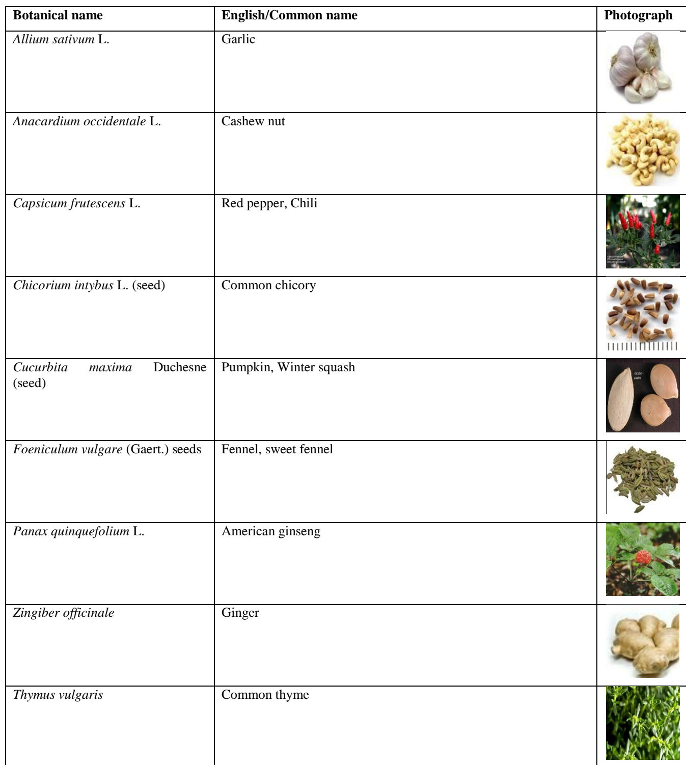
Table 1: List of some herbal plants being utilized for the treatment of obesity

fibres, phytosterols/stanols, dietary carotenoids, polyphenols, plant indoles etc, have potential hypolipidemic properties by different mechanisms such as reducing atherosclerosis by inhibiting platelet aggregation, increasing fibrinolysis, enhancing antioxidant activity, reducing serum lipids in general to lower cholesterol levels, controlling appetite, fat metabolism, adipocyte differentiation, fat absorption, energy metabolism, thermogenesis (generation of heat) etc., which may lead to weight loss 16 .
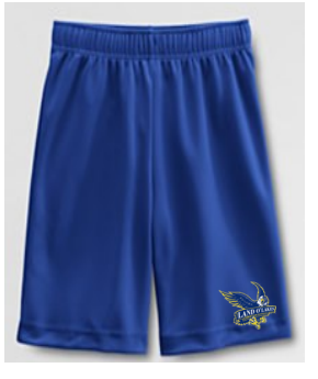
Cobalt Shorts with logo (for PE only)
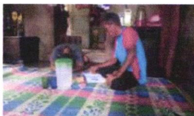
Figure 1. A Shaman is Communicating with the Spirit Through Intermediary

implementation, as well as inviting Bedincak (dancing) the Kedidi dance. Calling and communicating with these delicate beings through mediators or intermediaries, the male disciple of the Shamans.
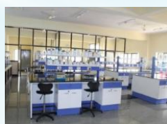
Genetics Plant Breeding
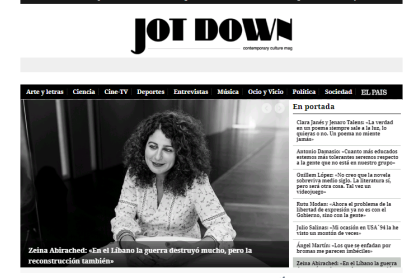
Home page of Jot Down from 10<sup>th</sup> July 2018.

The majority of narrative press consumers are looking for news about politics (56%), culture (55%) and science and technology (50%). In Colombia (58%) and among those with a post graduate university degree (66%) consumers also seek opinion, whilst the youngest age group are more interested in society issues (50%).
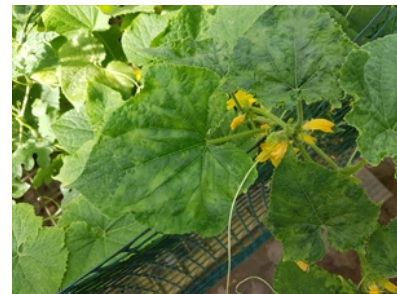
Photo 2. Several leaves on cucumber showing irregular mosaic patterns caused by Cucumber green mottle mosaic virus .
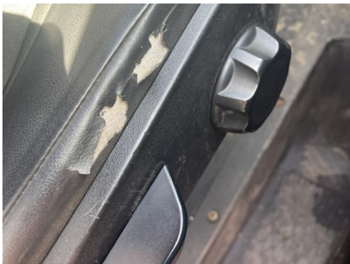
1: Seat Base Cover osf Torn Over 3mm

■ What the exercise asks ■
Please leave the images out and retype the rest of the material exactly.

■ Written response ■
Table 1: List of some herbal plants being utilized for the treatment of obesity

fibres, phytosterols/stanols, dietary carotenoids, polyphenols, plant indoles etc, have potential hypolipidemic properties by different mechanisms such as reducing atherosclerosis by inhibiting platelet aggregation, increasing fibrinolysis, enhancing antioxidant activity, reducing serum lipids in general to lower cholesterol levels, controlling appetite, fat metabolism, adipocyte differentiation, fat absorption, energy metabolism, thermogenesis (generation of heat) etc., which may lead to weight loss 16 .
Cobalt Shorts with logo (for PE only)
Figure 1. A Shaman is Communicating with the Spirit Through Intermediary

implementation, as well as inviting Bedincak (dancing) the Kedidi dance. Calling and communicating with these delicate beings through mediators or intermediaries, the male disciple of the Shamans.
Genetics Plant Breeding
Home page of Jot Down from 10<sup>th</sup> July 2018.

The majority of narrative press consumers are looking for news about politics (56%), culture (55%) and science and technology (50%). In Colombia (58%) and among those with a post graduate university degree (66%) consumers also seek opinion, whilst the youngest age group are more interested in society issues (50%).
Photo 2. Several leaves on cucumber showing irregular mosaic patterns caused by Cucumber green mottle mosaic virus .
1: Seat Base Cover osf Torn Over 3mm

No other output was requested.